Данные об объемах продаж крупных корпораций можно найти в разных источниках. Например, РА «Эксперт» с 1994 г. составляет рейтинги крупнейших отечественных компаний. На основе приведенных в рейтингах за 1994-2014 гг. данных о выручке 200 крупнейших российских компаний (в нашей терминологии — «корпораций») мы рассчитали значения HHI, которые в данном случае можно интерпретировать и как характеристику степени иерархического (корпоративного) контроля в экономике, и как обобщенный показатель концентрации потенциала экономической власти. Динамика HHI позволяет выделить два принципиально разных по основной тенденции периода (рис. 1).

Концентрация выручки от продаж в 1994-2014 годах

В первом периоде (1994-2004 гг.) наблюдалось быстрое снижение концентрации. За десять лет значение индекса снизилось почти в 3 раза. Это неудивительно, так как это был период массовой приватизации и последующего разукрупнения «гигантов советской индустрии». Выручка крупных промышленных предприятий в этот период либо сокращалась в номинальном измерении, либо росла медленнее, чем совокупная выручка остальных компаний. В течение второго периода (2004-2013 гг.) значение HHI стабилизировалось — оно достигло максимума в 2008 г., а в 2009-2013 гг. вернулось к показателям 2005-2007 гг. Долгосрочный тренд снижения концентрации сменился стабилизацией.
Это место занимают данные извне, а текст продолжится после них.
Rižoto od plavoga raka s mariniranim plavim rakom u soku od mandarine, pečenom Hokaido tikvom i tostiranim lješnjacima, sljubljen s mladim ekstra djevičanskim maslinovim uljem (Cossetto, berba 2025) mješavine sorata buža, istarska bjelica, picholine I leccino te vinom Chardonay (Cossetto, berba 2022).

Насколько высока концентрация в российской экономике? Значение HHI в последние четыре года составляло 330-360 пунктов. Для сравнения: аналогичный показатель для 200 крупнейших компаний США за тот же период находился в интервале 115-118 пунктов5. Таким образом, российские показатели концентрации, при всей условности данного сравнения, более чем в 3 раза выше американских.
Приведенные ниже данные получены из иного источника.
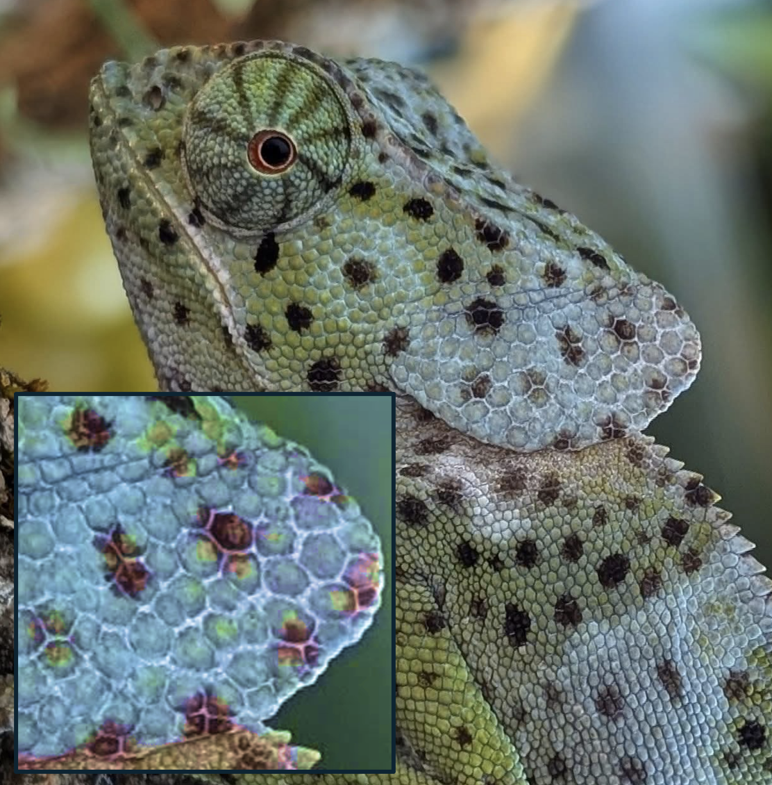 Reptilian integumentary morphology, particularly scale development and structure, varies widely across taxa and serves multiple biological functions—ranging from protection and thermoregulation to social signaling and camouflage. In chameleons, the cranial scalation exhibits exceptional structural complexity and individual variability, especially in species inhabiting forested and visually dense environments.

К выводам, полученным на основе анализа данных ежегодных рейтингов, следует относиться критически. Главная проблема состоит в том, что при составлении корпоративных рейтингов за основу берутся данные консолидированной отчетности по МСФО, а при их отсутствии — данные управленческой или финансовой отчетности, составленной по российским стандартам (РСБУ). Смешение в одном рейтинге показателей, полученных по трем разным методикам, неизбежно искажает расчет концентрации.

Следует также учитывать, что отчетность российских компаний по МСФО включает консолидированные данные по их зарубежным активам. Если измерять потенциал экономической власти в России, то выручка зарубежных активов будет искажать расчеты. Кроме того, в течение анализируемого периода методика составления рейтинга РА «Эксперт» менялась: если первоначально в рейтинг включались только промышленные компании, то начиная с 2003 г. круг участников был расширен за счет других отраслей реального сектора, коммерческих банков и страховых компаний.

Альтернативный расчет

Чтобы обеспечить сопоставимость показателей разных корпораций, мы провели альтернативный расчет с использованием первичных данных финансовой отчетности (РСБУ) и информации о корпоративном контроле 500 крупнейших по объему выручки российских компаний (Топ-500)6 нефинансового сектора. Соответственно в качестве отдельных корпораций не рассматривались существующие банковские группы. Консолидированная выручка каждой корпорации определялась как сумма выручки всех контролируемых ею компаний.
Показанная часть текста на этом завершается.